For me Jesus Christ, i.e., the Man-God of the Christians, copied from the Avatâras of every country, from the Hindu Krishna as well as the Egyptian Horus, was never a historical person. He is a deified personification of the glorified type of the great Hierophants of the Temples, and his story, as told in the New Testament, is an allegory, assuredly containing profound esoteric truths, but still an allegory. . . . The legend of which I speak is founded, as I have demonstrated over and over again in my writings and my notes, on the existence of a personage called Jehoshua (from which Jesus has been made) born at Lüd or Lydda about 120 years before the modern era. (CW IX:224-5)

Blavatsky wrote that the reason that Philo Judeaus did not mention Jesus was because “the biography of Jesus was invented after the first century, and no one in Jerusalem was better informed on the subject than Philo himself” (CW IX:227). The Mahatma KOOT HOOMI also speaks of “Jesus who is a spiritual abstraction and no living man of that epoch” (ML, p. 109).

Blavatsky stresses the importance of distinguishing between Chrestos, a good man, and CHRISTOS, the Messiah or the Christ principle. Jesus must not be confused with the Christos, which is a universal principle hidden in everyone.

The word Christ, which means the glorified, the triumphant, and also the “anointed” (from the word χρίω, to anoint) cannot be applied to Jesus. . . . Jesus was a Chrêstos: χρηστδςό Κύριος (the Lord is good), as St. Peter said (1st Epistle, ii, 3), whether he actually lived during the Christian era or a century earlier. (CW VIII:380)
A divine Christ (or Christos) has never existed under a human form outside the imagination of blasphemers who have carnalized a universal and entirely impersonal principle. (CW IX:223)

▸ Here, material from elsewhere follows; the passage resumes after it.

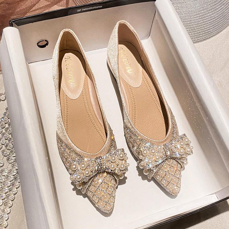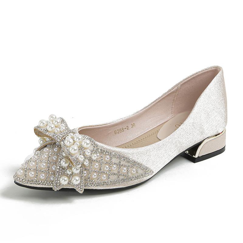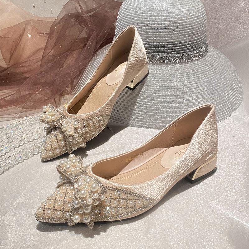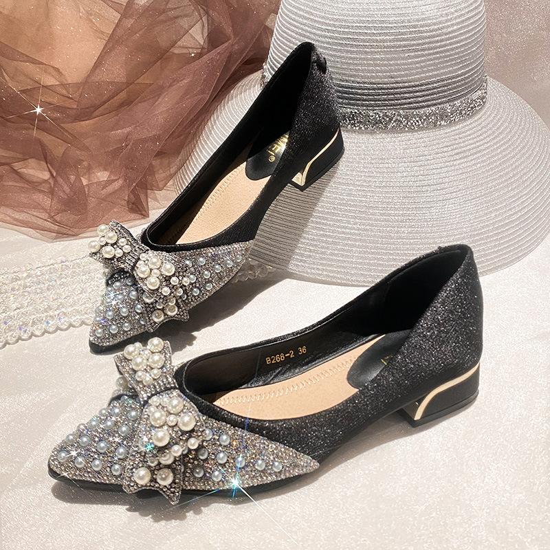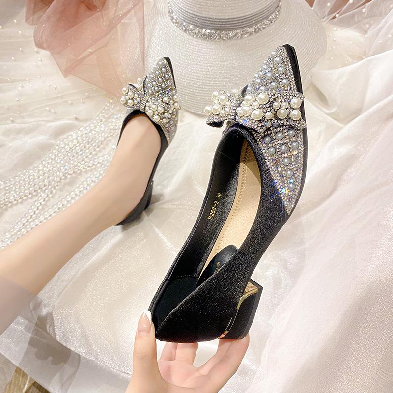 Новые туфли на среднем каблуке в стиле феи, универсальные туфли на высоком каблуке с жемчужным узором, бабочкой и толстым каблуком, с острым носком, модные туфли-одиночки

Blavatsky sympathized with the Gnostics’ view of Jesus, such as those of Marcion, Basilides and Valentinus. She wrote that

The true Christians died with the last of the Gnostics, and the Christians of our day are but the usurpers of a name they no longer understand. . . . Western Theosophists accept the Christos as did the Gnostics of the centuries which preceded Christianity, as do the Vedântins their Krishna: they distinguish the corporeal man from the divine Principle which, in the case of the Avatâra, animates him. (CWVIII:374)

In THE MAHATMA LETTERS TO A. P. SINNETT, the Mahatma Koot Hoomi states:

Call it by whatever name, only let these unfortunate, deluded Christians know that the real Christ of every Christian is the Vach, the “mystical Voice,” while the man Jeshu was but a mortal like any of us, an adept more by his inherent purity and ignorance of real Evil than by what he had learned with his initiated Rabbis and the already (at that period) fast degenerating Egyptian Hierophants and priests. (ML, p. 377)

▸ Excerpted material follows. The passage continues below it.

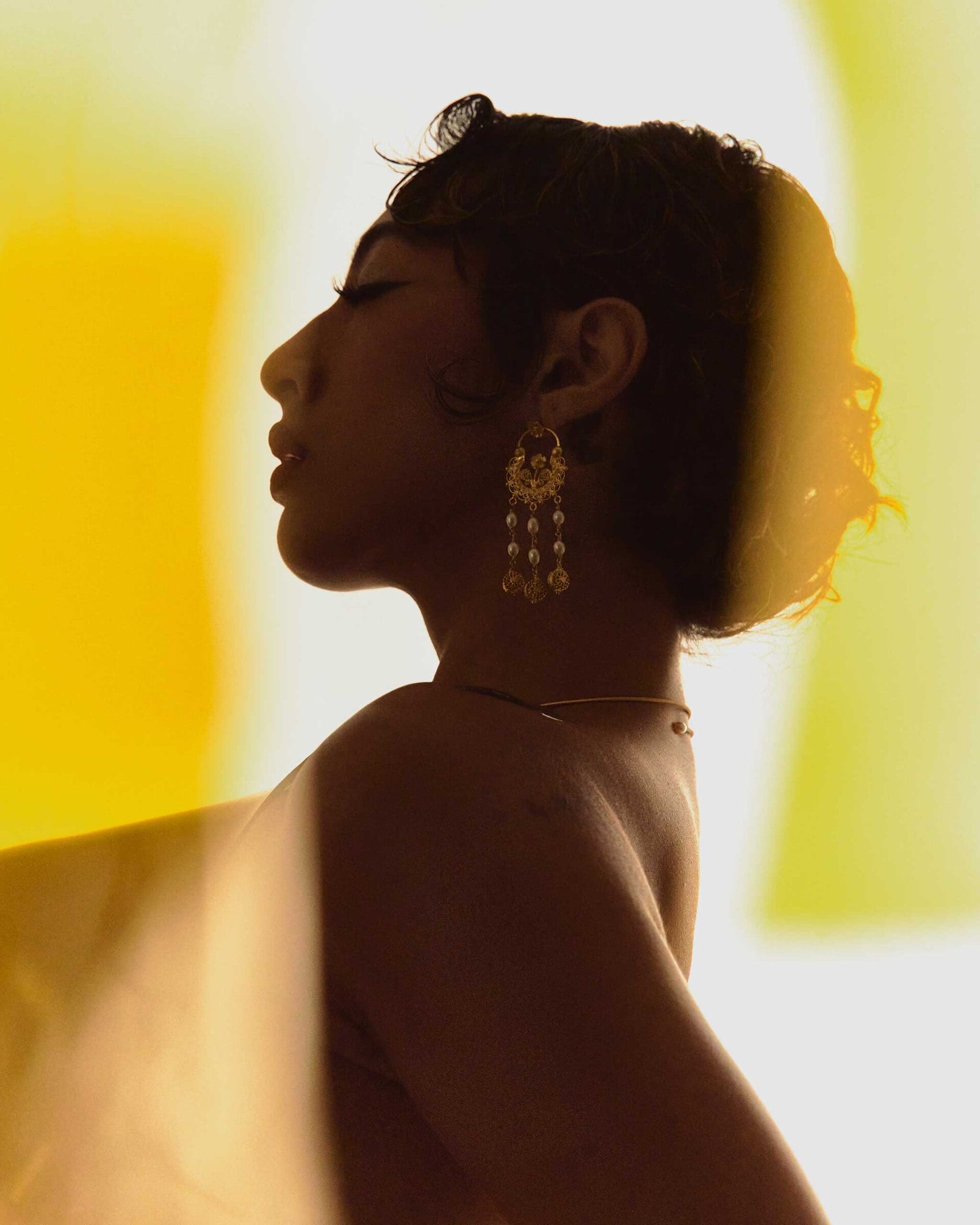 Tinay wears AMAMI earrings, AMAMI necklace, JOB DACON black breastplate from VESTIDO MANILA. Styled by Andrea Ang. Photo by Renzo Navarro

Thus the theosophical view puts emphasis on awakening of the mystical Christ within each person. The MAHA-CHOHAN, one of the most revered among the Mahatmas, stated that

Once unfettered [and] delivered from their dead weight of dogmatic interpretations, personal names, anthropomorphic conceptions and salaried priests, the fundamental doctrines of all religions will be proved identical in their esoteric meaning. Osiris, Chrishna, Buddha, Christ, will be shown as different means for one and [the] same royal highway to final bliss, Nirvana.
Mystical Christianity, that is to say that Christianity which teaches self redemption through one’s own seventh principle — the liberated Para-atma (Augoeides) called by the one Christ, by others Buddha, and equivalent to regeneration or rebirth in spirit — will be found just the same truth as the Nirvana of mystical Buddhism. . . . But if we would not be selfish we must strive to make other people see that truth, to recognise the reality of that transcendental self, the Buddh, the Christ or God of every preacher. (ML, p. 478)

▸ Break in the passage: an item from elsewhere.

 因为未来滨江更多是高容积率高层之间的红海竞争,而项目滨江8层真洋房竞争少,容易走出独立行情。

This view of the inner Christ concurs with the meaning of such verses as “Christ in you the hope of glory” (Col 1:27), ‘”My little children, with whom I am again in travail until Christ be formed in you!”(Gal 4:19), etc. The 17th century mystic Angelus Silesius echoed this with the famous lines: “Though Christ a thousand times in Bethlehem be born, But not within thyself, thy soul shall be forlorn.” This unequivocally stresses the meaning of the term “Christ” as a divine principle within each human being, rather than as a historical person.